→ **PROVIDED INFORMATION**:
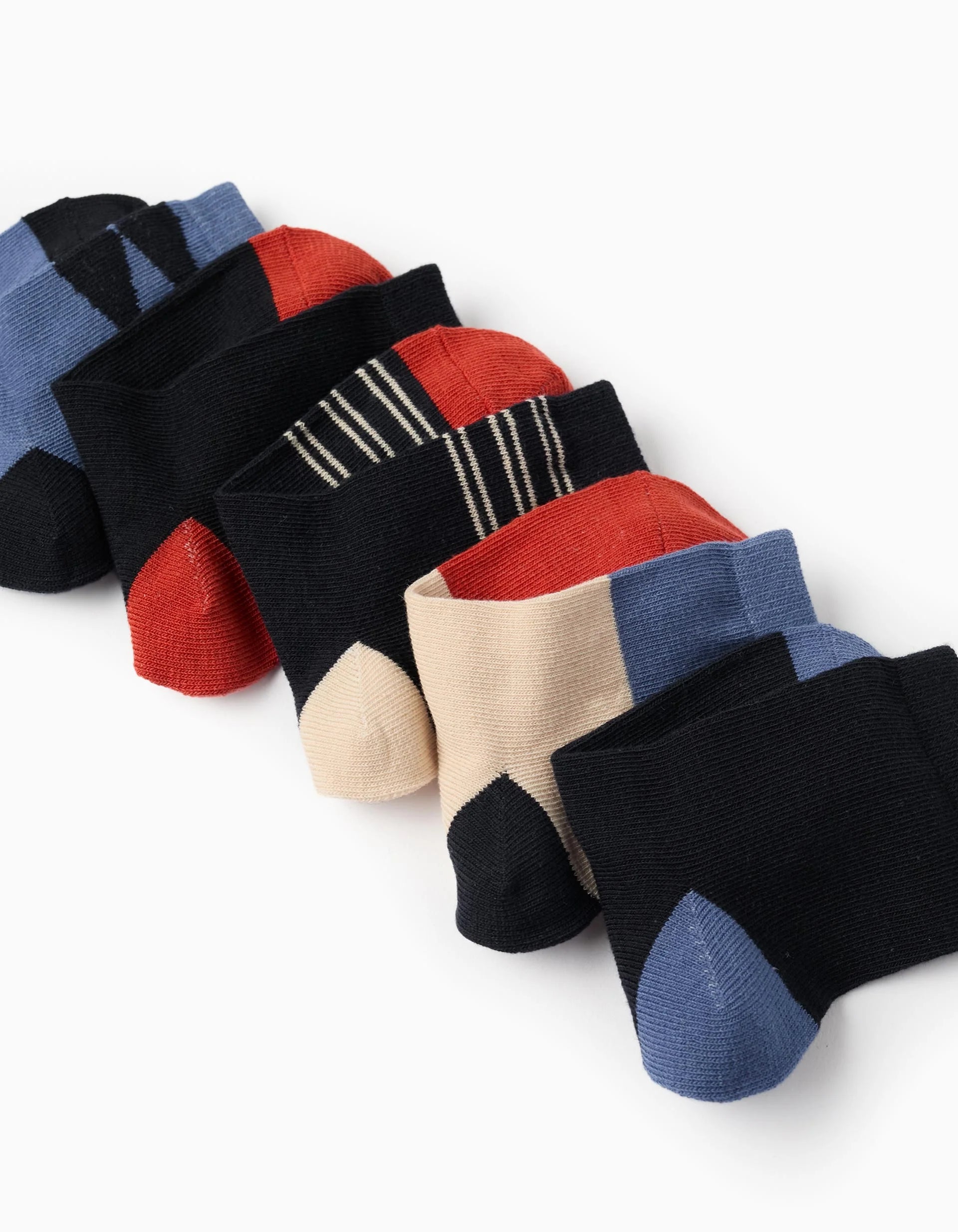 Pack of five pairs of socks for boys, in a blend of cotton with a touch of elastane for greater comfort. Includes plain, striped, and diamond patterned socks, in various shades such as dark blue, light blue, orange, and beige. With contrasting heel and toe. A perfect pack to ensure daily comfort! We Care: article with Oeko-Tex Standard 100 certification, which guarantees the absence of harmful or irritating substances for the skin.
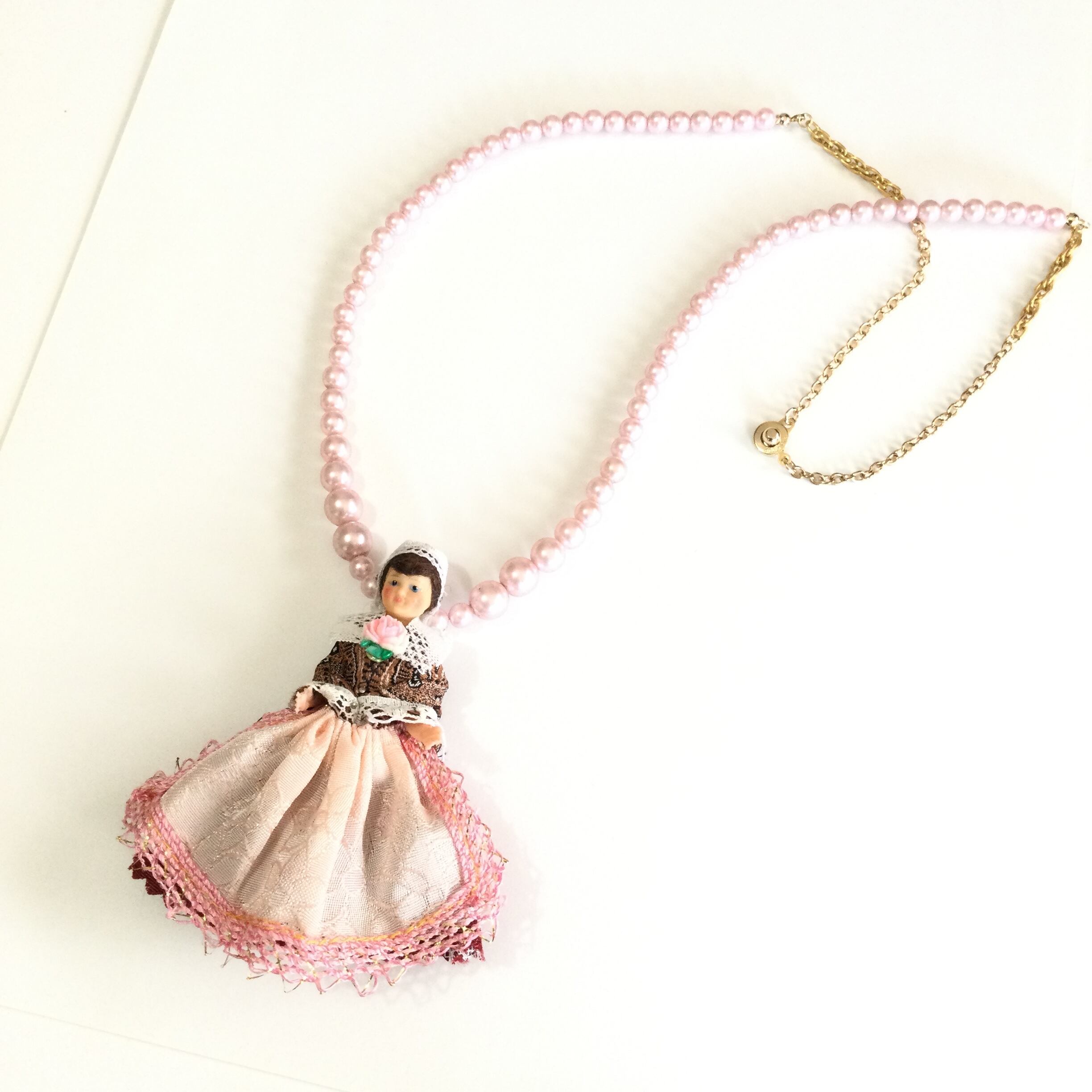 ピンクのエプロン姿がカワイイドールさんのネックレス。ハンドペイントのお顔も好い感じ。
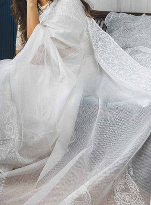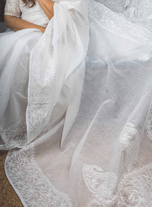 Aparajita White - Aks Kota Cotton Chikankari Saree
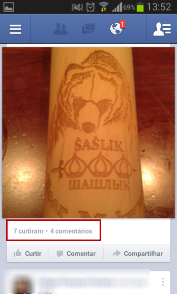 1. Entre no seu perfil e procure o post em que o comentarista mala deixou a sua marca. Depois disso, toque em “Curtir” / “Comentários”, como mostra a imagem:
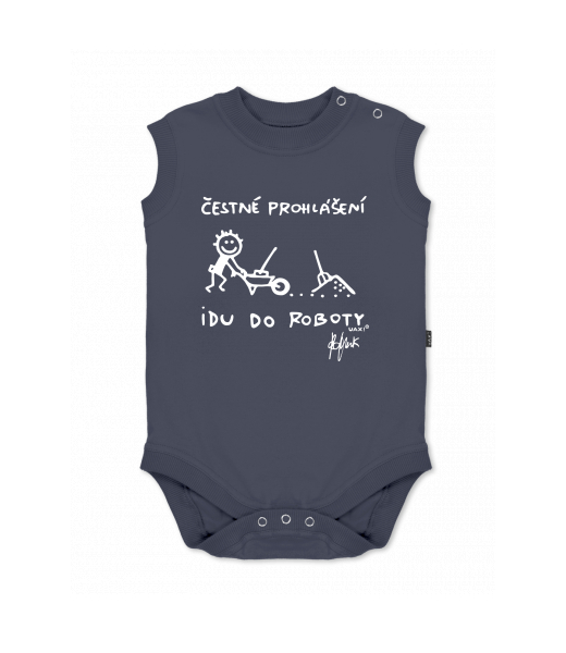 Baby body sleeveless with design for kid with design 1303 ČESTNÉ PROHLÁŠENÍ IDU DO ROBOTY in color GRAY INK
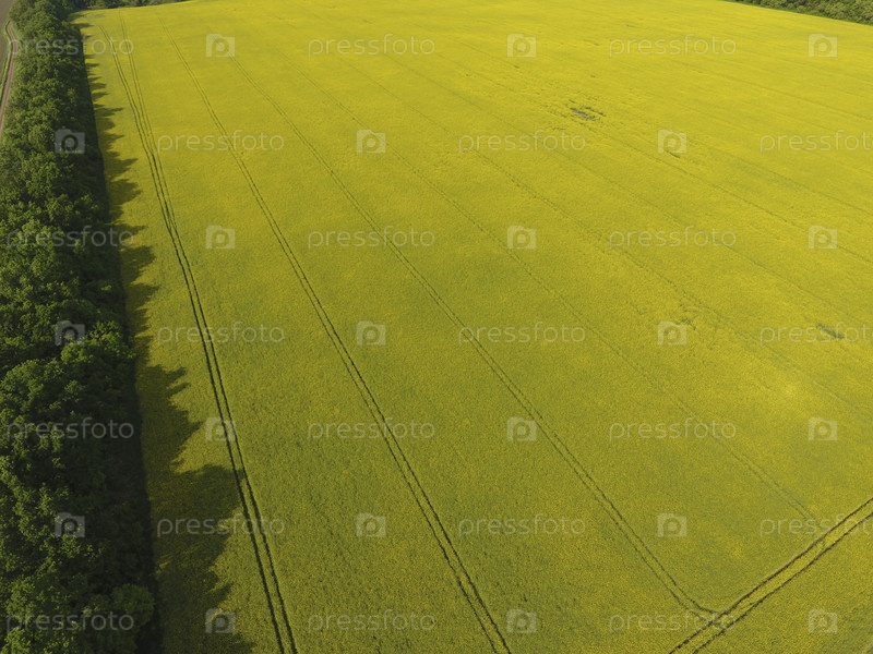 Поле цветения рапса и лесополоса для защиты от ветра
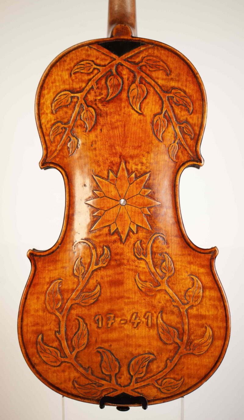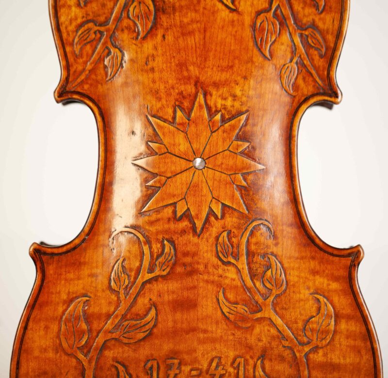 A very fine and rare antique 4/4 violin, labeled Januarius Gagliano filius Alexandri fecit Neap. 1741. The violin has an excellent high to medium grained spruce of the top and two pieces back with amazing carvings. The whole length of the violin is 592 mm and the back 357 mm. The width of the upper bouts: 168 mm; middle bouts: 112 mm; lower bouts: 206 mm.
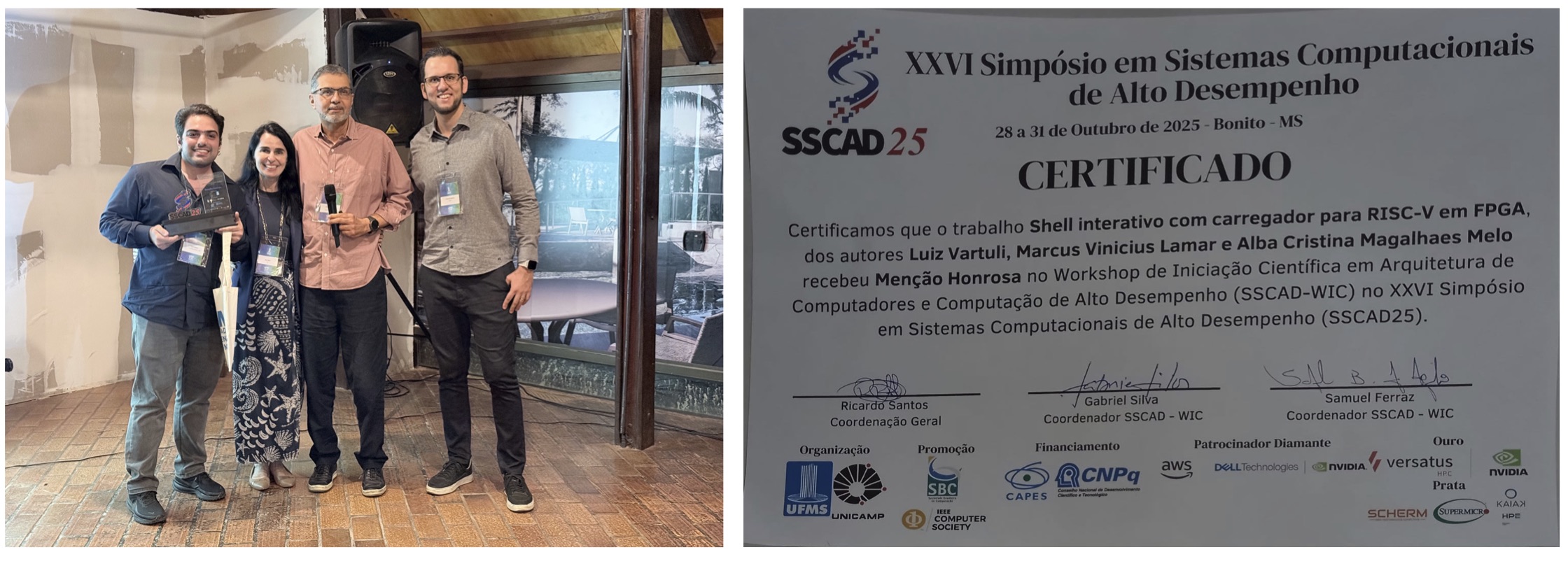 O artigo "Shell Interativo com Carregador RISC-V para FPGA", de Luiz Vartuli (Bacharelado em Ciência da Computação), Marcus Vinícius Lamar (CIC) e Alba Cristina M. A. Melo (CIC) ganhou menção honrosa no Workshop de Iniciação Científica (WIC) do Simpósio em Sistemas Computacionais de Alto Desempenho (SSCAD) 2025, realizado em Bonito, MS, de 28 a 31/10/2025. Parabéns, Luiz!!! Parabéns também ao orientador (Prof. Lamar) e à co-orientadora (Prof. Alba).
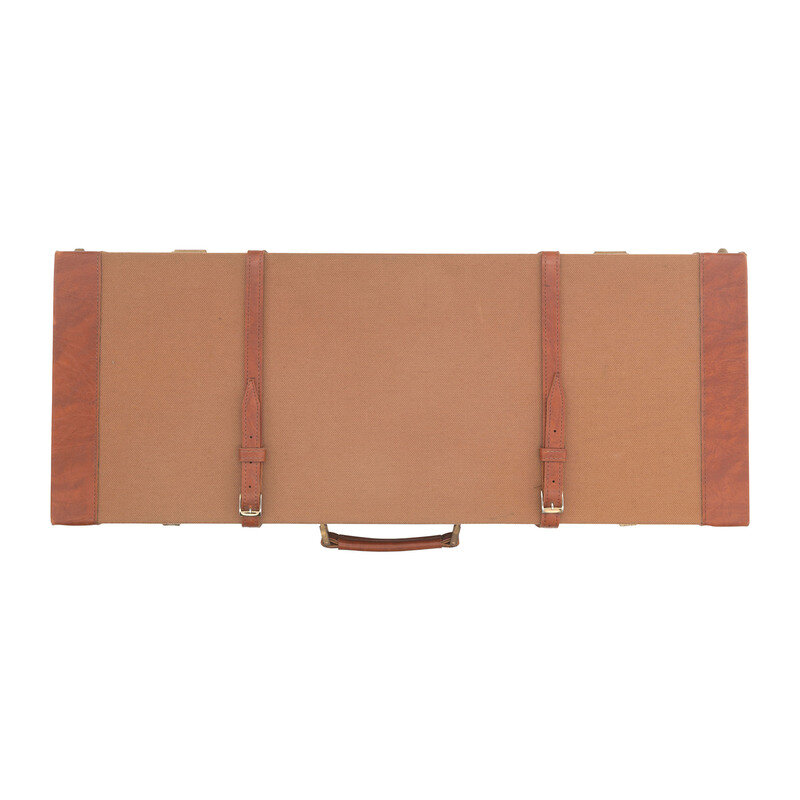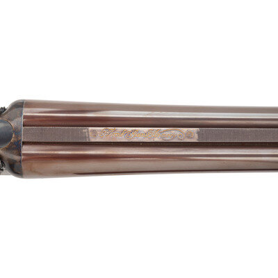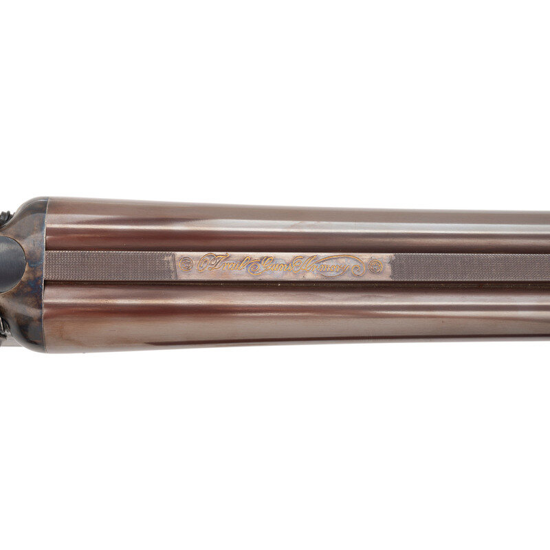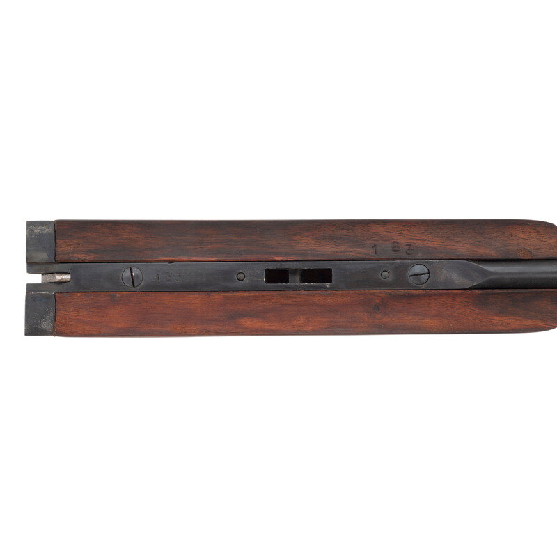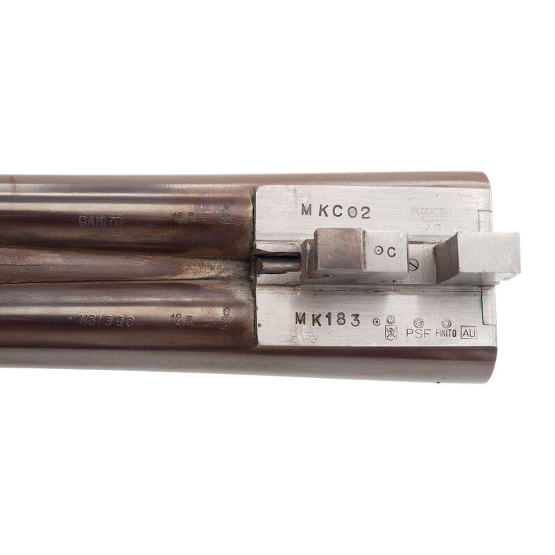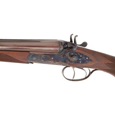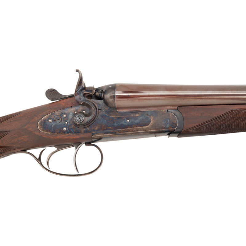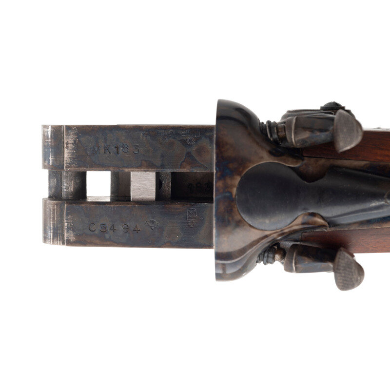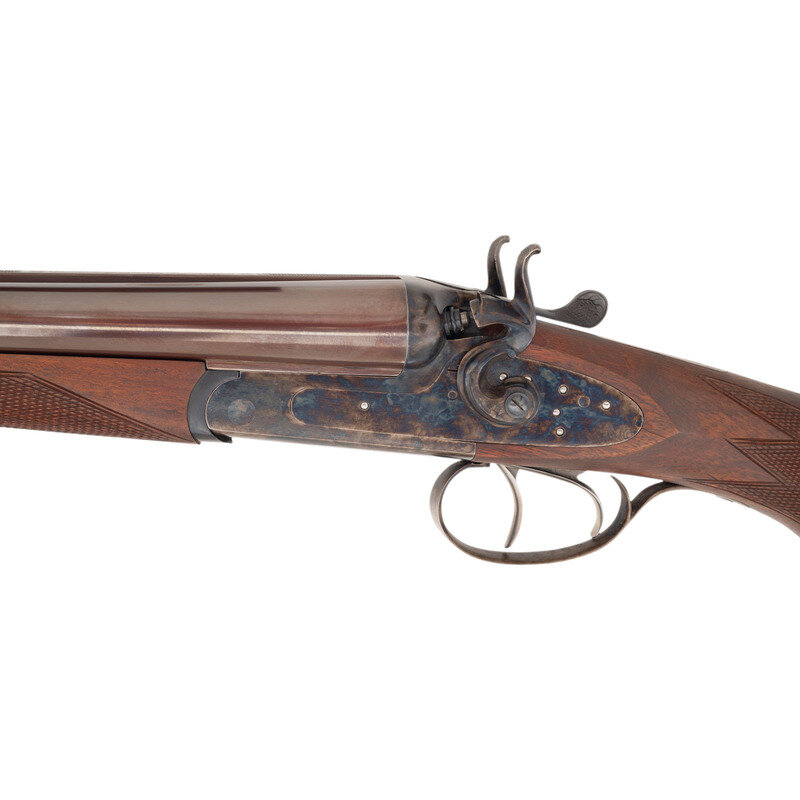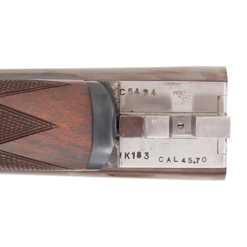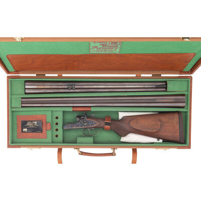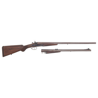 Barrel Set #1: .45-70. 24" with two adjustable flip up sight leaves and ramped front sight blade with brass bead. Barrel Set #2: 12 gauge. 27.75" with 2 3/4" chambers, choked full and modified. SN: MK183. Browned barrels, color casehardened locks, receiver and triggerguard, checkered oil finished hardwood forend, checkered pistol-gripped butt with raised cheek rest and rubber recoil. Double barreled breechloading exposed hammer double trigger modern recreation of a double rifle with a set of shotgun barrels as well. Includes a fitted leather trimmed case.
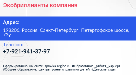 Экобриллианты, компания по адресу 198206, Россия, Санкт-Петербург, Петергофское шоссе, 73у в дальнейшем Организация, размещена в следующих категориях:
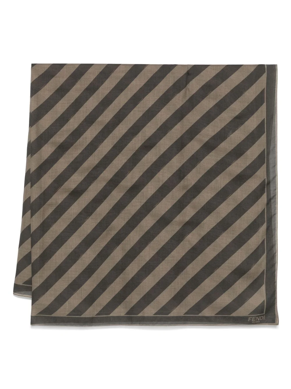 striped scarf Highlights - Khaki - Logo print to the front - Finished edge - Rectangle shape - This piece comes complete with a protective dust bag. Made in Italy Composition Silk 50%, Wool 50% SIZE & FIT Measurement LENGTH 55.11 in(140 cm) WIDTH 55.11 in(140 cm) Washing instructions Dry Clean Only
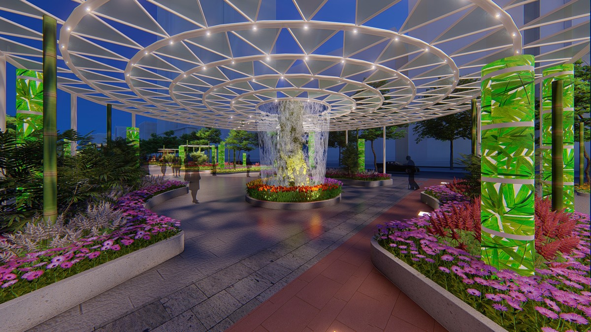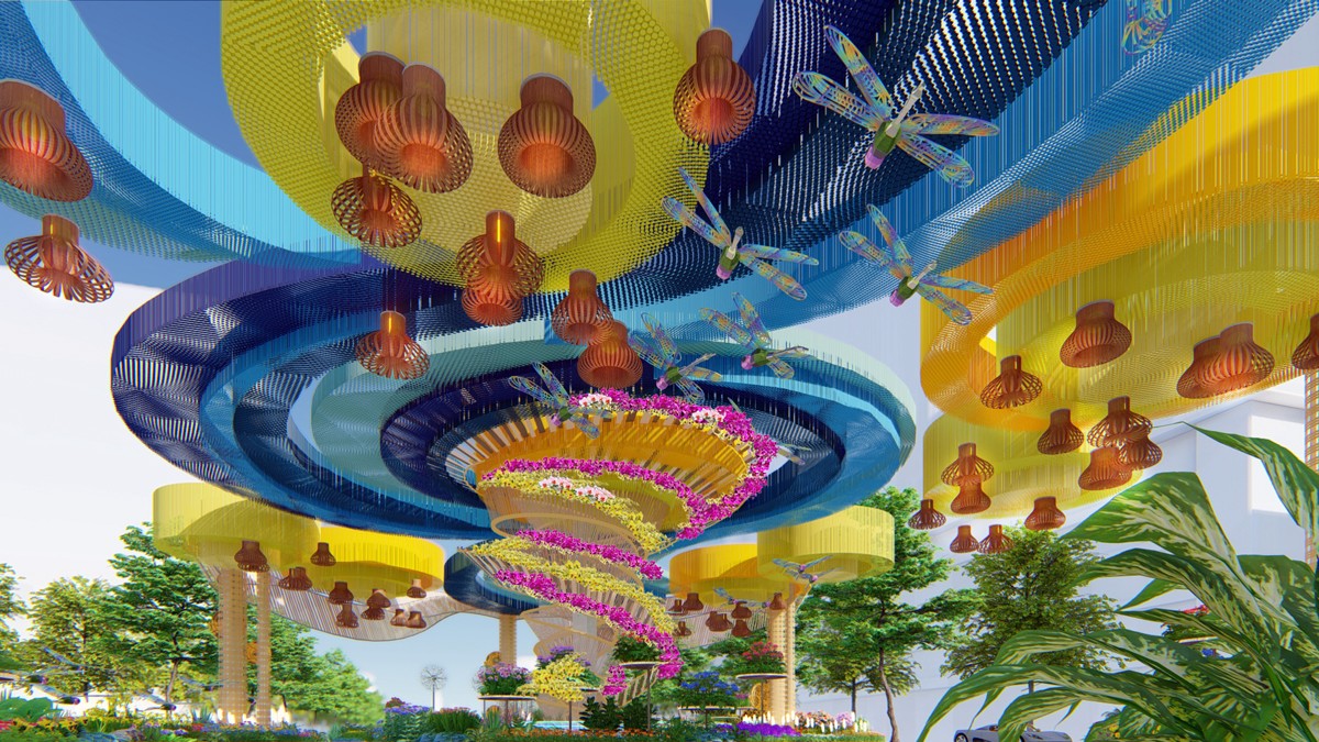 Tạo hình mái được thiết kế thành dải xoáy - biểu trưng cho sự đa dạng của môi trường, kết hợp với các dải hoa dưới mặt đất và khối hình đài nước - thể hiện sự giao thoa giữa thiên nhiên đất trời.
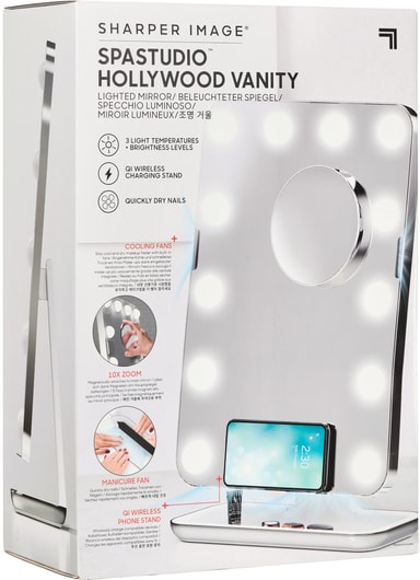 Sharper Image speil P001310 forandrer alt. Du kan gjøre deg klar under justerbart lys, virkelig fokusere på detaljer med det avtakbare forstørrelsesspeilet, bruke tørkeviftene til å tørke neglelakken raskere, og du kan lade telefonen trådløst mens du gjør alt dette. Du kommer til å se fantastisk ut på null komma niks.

→ **DIRECTIONS FOR THIS TASK**:
Give again, exactly, the lines starting at the first entry above and ending at the line with "Поле цветения рапса"; please leave pictures out.

→ **EXERCISE SOLUTION**:
 Pack of five pairs of socks for boys, in a blend of cotton with a touch of elastane for greater comfort. Includes plain, striped, and diamond patterned socks, in various shades such as dark blue, light blue, orange, and beige. With contrasting heel and toe. A perfect pack to ensure daily comfort! We Care: article with Oeko-Tex Standard 100 certification, which guarantees the absence of harmful or irritating substances for the skin.
 ピンクのエプロン姿がカワイイドールさんのネックレス。ハンドペイントのお顔も好い感じ。
 Aparajita White - Aks Kota Cotton Chikankari Saree
 1. Entre no seu perfil e procure o post em que o comentarista mala deixou a sua marca. Depois disso, toque em “Curtir” / “Comentários”, como mostra a imagem:
 Baby body sleeveless with design for kid with design 1303 ČESTNÉ PROHLÁŠENÍ IDU DO ROBOTY in color GRAY INK
 Поле цветения рапса и лесополоса для защиты от ветра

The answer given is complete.